What makes The Great Gatsby so beloved is neither its plot nor its characters. “It’s not a particularly original story,” says Jackson R. Bryer, president of the F. Scott Fitzgerald Society, which promotes and celebrates the author’s work. “It’s the way Fitzgerald tells the story and the beauty of the style.” He likens the experience of reading Gatsby to that of poetry, where each phrase is deliberate, and echoes concerns about what may happen when anyone can edit the text. “It’s like if you took a Robert Frost poem and put a wrong word somewhere,” Bryer says. “It probably wouldn’t change the overall meaning of the poem, but it wouldn’t be the poem.”
Even so, Bryer is hopeful that people will now revisit the novel, perhaps for the first time since school. He remembers how his own interpretation of Gatsby changed—he first read it as a tragic love story, and later realized that it interrogates the constraints of social class. And he finds Gatsby’s relevance unwavering today: “We’re living in a time where the social barriers to getting ahead in America seem more stringent than ever before.” West adds that the book has a staying power that’s buoyed its success, describing it as “one of those remarkable literary works that seems to adapt to its times.”

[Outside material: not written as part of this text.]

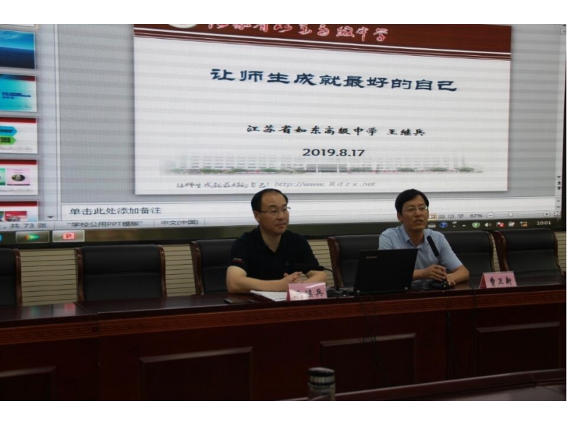 17日,苏州相城区黄埭中学领导老师一行60多人来我校交流访问。学校校长王继兵代表学校热情欢迎来宾,并与黄埭中学校长曹卫新就两校建校沿革与发展成绩做了交流。上午,王继兵校长还应邀做学校管理经验介绍。下午在分会场,学校马蔚副校长、卜冬旭副主任就教学研究与学生管理等做专题分享和交流。

The nature of copyright law means that all literary works will eventually enter public domain. The Great Gatsby is certainly not alone in that regard. Works by Edith Wharton, Agatha Christie and thousands of other writers entered public domain in 2019. Next year, William Faulkner and Ernest Hemingway’s first novels will join Gatsby. “The expiration of copyright is inevitable, and it certainly will mean that The Great Gatsby now belongs to the people,” West says. “Whether the book will retain its hold on the American imagination or whether it’ll take new directions with so many editions, I’m curious to see.”
Updated Jan. 6: Tom Brennan’s Bristol theater production was slated to premiere on Jan. 7 but is delayed due to the COVID-19 lockdown.